WHAT THE EXERCISE ASKS: Lines in the entries below where the word "institution" shows up should each be copied.
*** Begin section ***
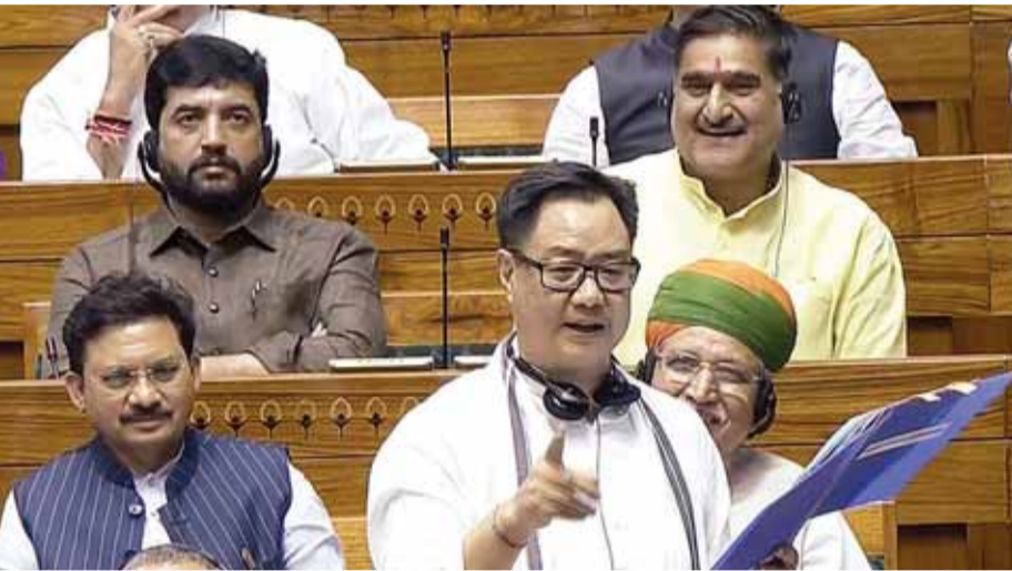
Union Minister Kiren Rijiju speaks in the Lok Sabha during the Monsoon Session of Parliament, in New Delhi, on Thursday
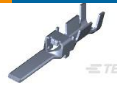
TE Part #1747419-2 DYNAMIC D4200 TAB CONT M
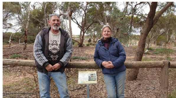
Figure 2 new bushtucker signs installed.
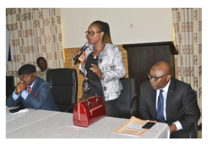
High table at the opening ceremony of the Magistrates retreat

The retreat gave the Magistrates an opportunity to review their work, identify lapses and find solutions to the challenges in administering criminal justice in the FCT. One of the main issues discussed was the implementation of section 34 of the Administration of Criminal Justice Act (ACJA 2015). As was reported in previous newsletters, RoLAC is supporting the FCT Judiciary to implement section 34 of the ACJA, which mandates Chief Magistrates to conduct monthly inspections of places of detention in the FCT. RoLAC initiated its support for implementation by developing templates and guidelines for conducting oversight visits by magistrates and training Chief Magistrates on how to comply with the requirements of section 34.
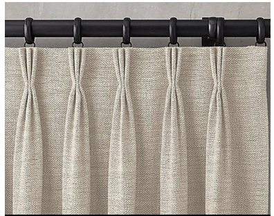
TRIPLE PINCH PLEAT
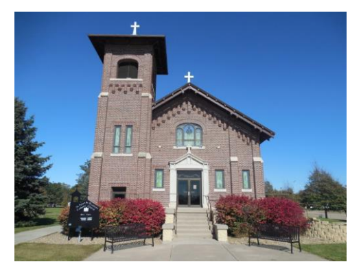
St. Peter, Ewing SATURDAY 5:30 PM
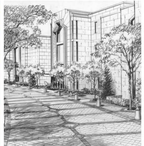
3. Second Sketch Study

A protracted approval process led to Landplan providing prime consulting services for the site planning, civil engineering, landscape architecture, and construction administration. An existing drive was transformed into a tree-lined granite promenade a forecourt sculpture remains garden.
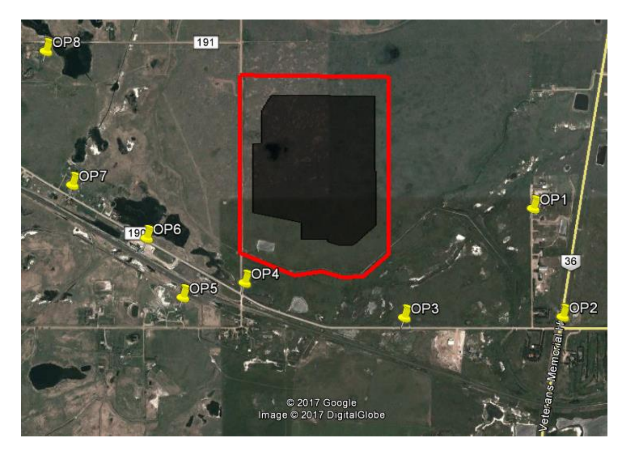
Figure 3: Cassils Solar Array with Observation Points 1 to 8

Table 1 lists the observation points used in the analysis and describes the number of vehicles travelling at the intersection between Veterans Memorial Highway, Highway 542, and Township Road 190, as identified by Alberta Transportation.<sup>5</sup>
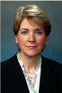
MASSACHUSETTS Martha Coakley Presidential Appointment
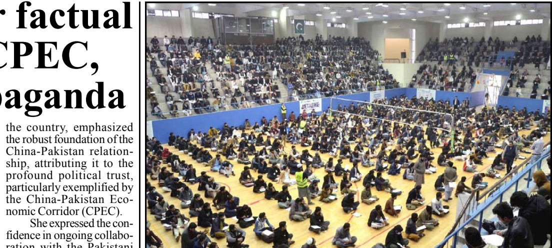
PESHAWAR: Students are solving paper of Entry Test for Information Technology (IT) Courses under the supervision of Saylani Welfare International Trust and arranged by Aziz Jan Trust, held in Peshawar.
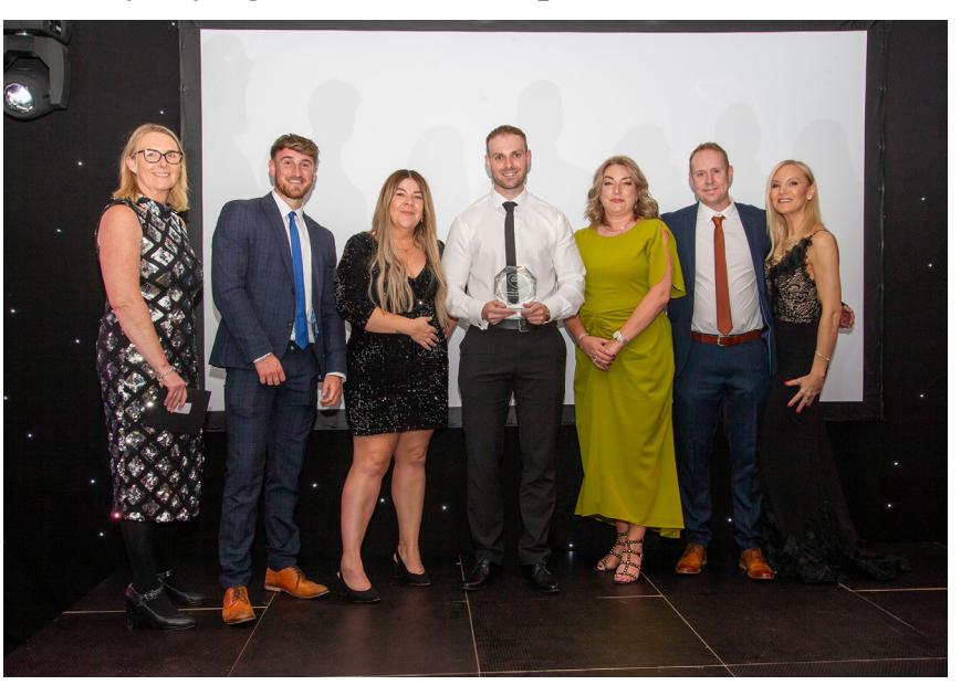
Chair Award: Procurement and Paediatric Emergency Department
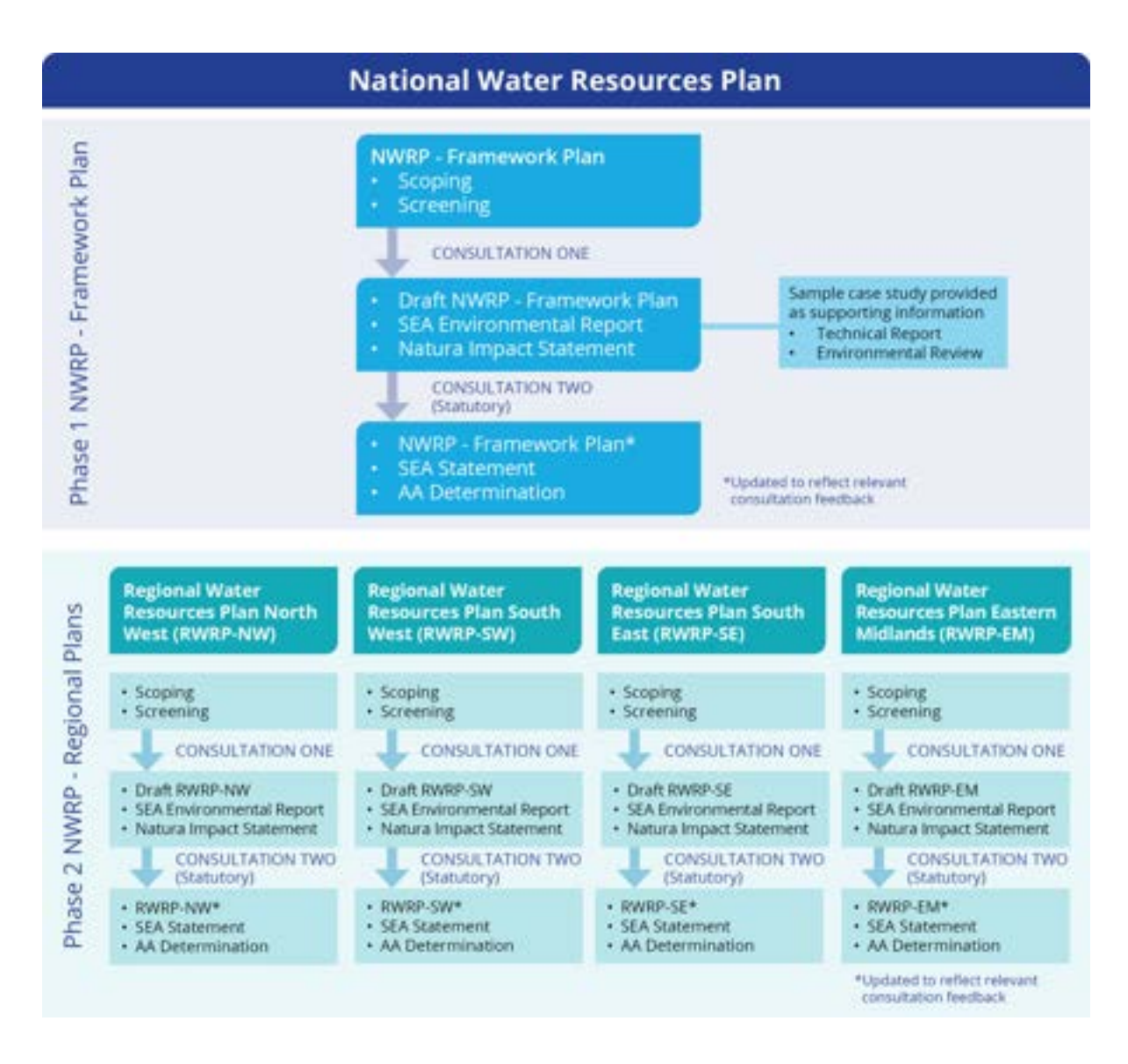
Figure 1.1 Components of the National Water Resources Plan

The Framework Plan and Consultation Two Report is available online at <a href="https://www.water.ie/projects/strategic-plans/national-water-resources/">https://www.water.ie/projects/strategic-plans/national-water-resources/</a>
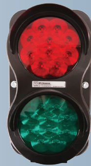
Universal Red and Green LED Lights
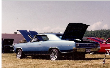
1966 CHEVELLE SS
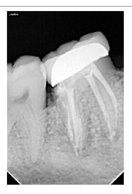
c. 1 year post-op RVG
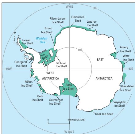
Figure 1. Index map to the principal geographic features of Antarctica, including the ice shelves where large coastal-change events commonly occur.

Ice fronts, iceberg tongues, and glacier tongues are the most dynamic and changeable features in the coastal regions of Antarctica. Floating ice margins are subject to frequent and large calving events or rapid flow. These situations lead to annual and decadal changes
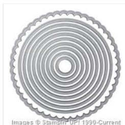
Circles Collection Framelits Dies - 130911
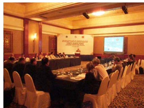
Opening session of the National Coordinators' Meeting

coordinators' meeting only lasted two days, we did not have enough time to construct a detailed plan; and hence, we carried the agenda forward to the 7th IOC/WESTOPAC held at Kota Kinabalu, Sabah, Malaysia, over May 21–25, 2008, where we resumed discussion on the future research plan.
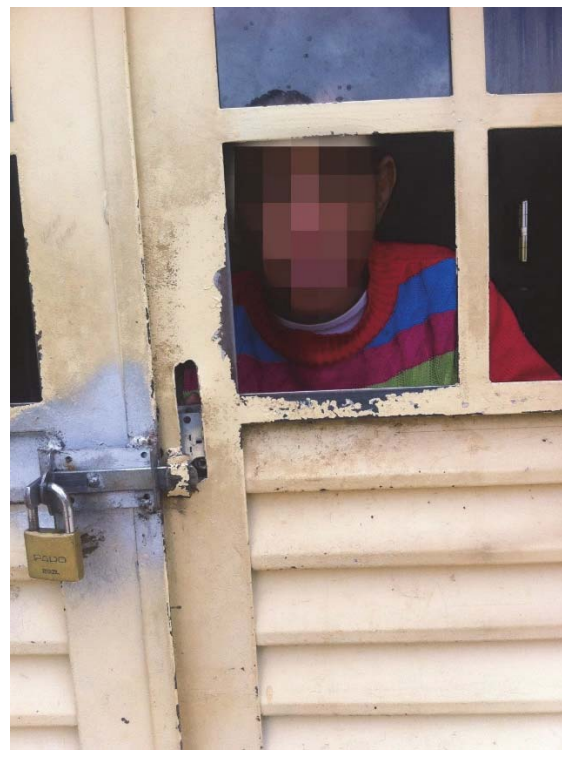
A man with an intellectual disability living in an institution for 51 people with disabilities in the outskirts of Brasília, Distrito Federal looking through a locked door.

In all adult institutions visited in Brazil, institution directors or staff members told
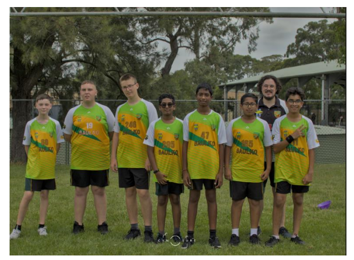
15's Touch Football B
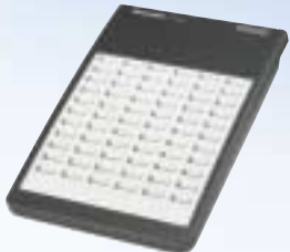
KX-T7440 (black & white) DSS Console
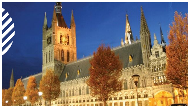
Cloth halls , Ypres

There are quite a few cloth halls in Flanders: buildings that were built in the middle Ages as a warehouse and covered market. The locally manufactured cloth was also checked and inspected there. This often resulted in a cross-border trade, where cloth from Flanders was sold in many places in Europe and even in Asia.
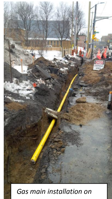
Gas main installation on west side of Main Street.
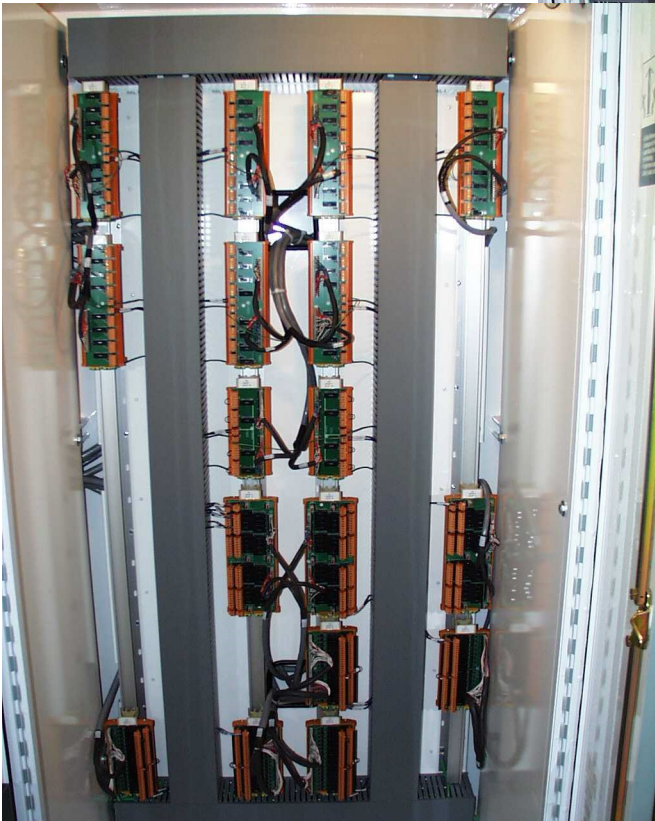
Modicon I/O Custom Terminations
*** End section ***
TASK RESULT:
A man with an intellectual disability living in an institution for 51 people with disabilities in the outskirts of Brasília, Distrito Federal looking through a locked door.
In all adult institutions visited in Brazil, institution directors or staff members told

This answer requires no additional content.